Le pari de la confiance
Consubstantiel à ces temps d’échange : un solide climat de confiance. Mais, « la confiance ne se décrète pas, souligne Benoît Meyronin. Le collaborateur doit ressentir une confiance qui l’autorise à donner son point de vue, à poser toutes sortes de questions, et, plus largement, à oser prendre des initiatives, en se sentant protégé. » La reconnaissance est une autre dimension à ne pas négliger, attendue des employés : « Elle passe non seulement par une juste rémunération mais aussi par des félicitations, des messages du type “bravo, tu as bien géré tel problème au comptoir”… » Il s’agira également de « reconnaître le rôle de chaque collaborateur au sein de l’équipe – et de l’entreprise – et ses contributions à un projet collectif », ajoute Cécile Dejoux ; un projet collectif qui devra, d’ailleurs, dépasser la seule mission de l’entreprise, pour répondre à la recherche de sens des collaborateurs. Et de mettre en place des routines de travail, coconstruites par le groupe, spécifiques de la culture de l’entreprise, qui aideront à maintenir et resserrer le lien. « Le care management, c’est une culture de management positif qui permet de reprendre le pouvoir sur le temps, de redonner du sens au travail et d’obtenir un meilleur engagement des collaborateurs », conclut Cécile Dejoux.

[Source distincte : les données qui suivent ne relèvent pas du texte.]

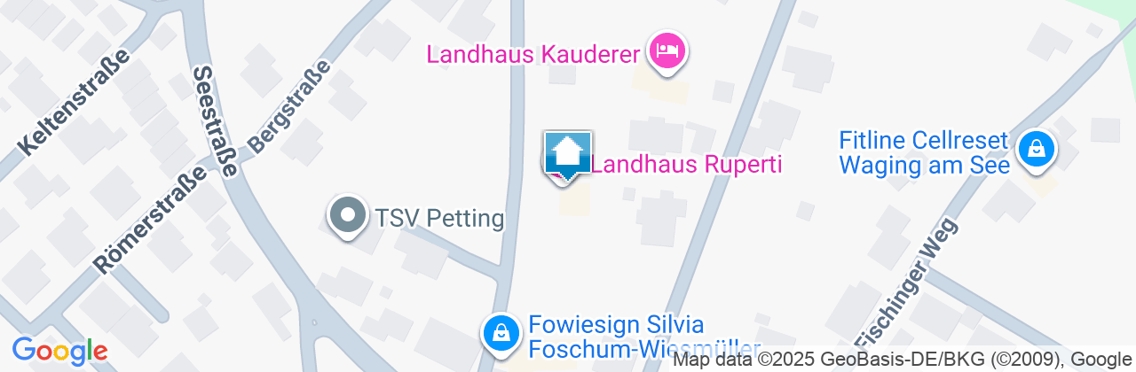 A8 Ausfahrt 112 Traunstein/Siegsdorf auf B306 in Richtung Traunstein. Nach 6 km im Kreisverkehr zweite Ausfahrt (Tunnel Ettendorf/B304). 100 m nach Tunnelausfahrt rechts auf ST2105 nach Waging. Nach 9 km links in die Martinstraße (bei Lidl). Nach 100, rechts in die Weixlerstraße. Am Ende der Straße nach links in die Seestraße. Nach 200 m rechts in die Kastanienallee.
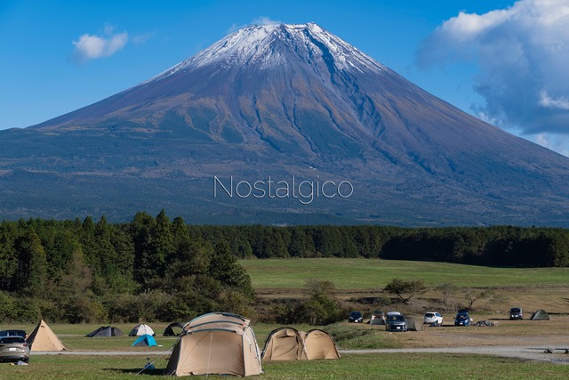 雪化粧を纏う雄大な富士山を正面に望む秋のキャンプ場

* Mooc « Care Management pour soi et ses équipes » sur le site fun-mooc.fr
La vente est une conséquence du care
« La pharmacie est un huis clos et le climat qui y règne peut être préjudiciable au comptoir. C’est un cercle vertueux : des collaborateurs heureux dans leur job, épanouis et disponibles, ça se ressent. Et quand l’accueil est plus froid, ça ne donne pas envie de revenir », pointe Thibault Winka. Le management par le care est un management « gagnant-gagnant » qui pourrait s’articuler ainsi, selon Benoît Meyronin : « S’attacher à prendre soin de ses collaborateurs pour qu’ils prennent soin des clients. » Une équation qu’il rattache à ce qu’il nomme la « symétrie des attentions », selon laquelle la qualité d’une relation entre un employeur et ses salariés influence de manière importante celle qu’il entretient avec ses clients ainsi que leur satisfaction. Ne nous y trompons pas : « La relation avec la clientèle n’est pas la cerise sur le gâteau, qui viendrait s’ajouter à l’acte de vente. C’est l’inverse : la vente est une conséquence de cette relation et, ipso facto, du care », estime Benoît Meyronin.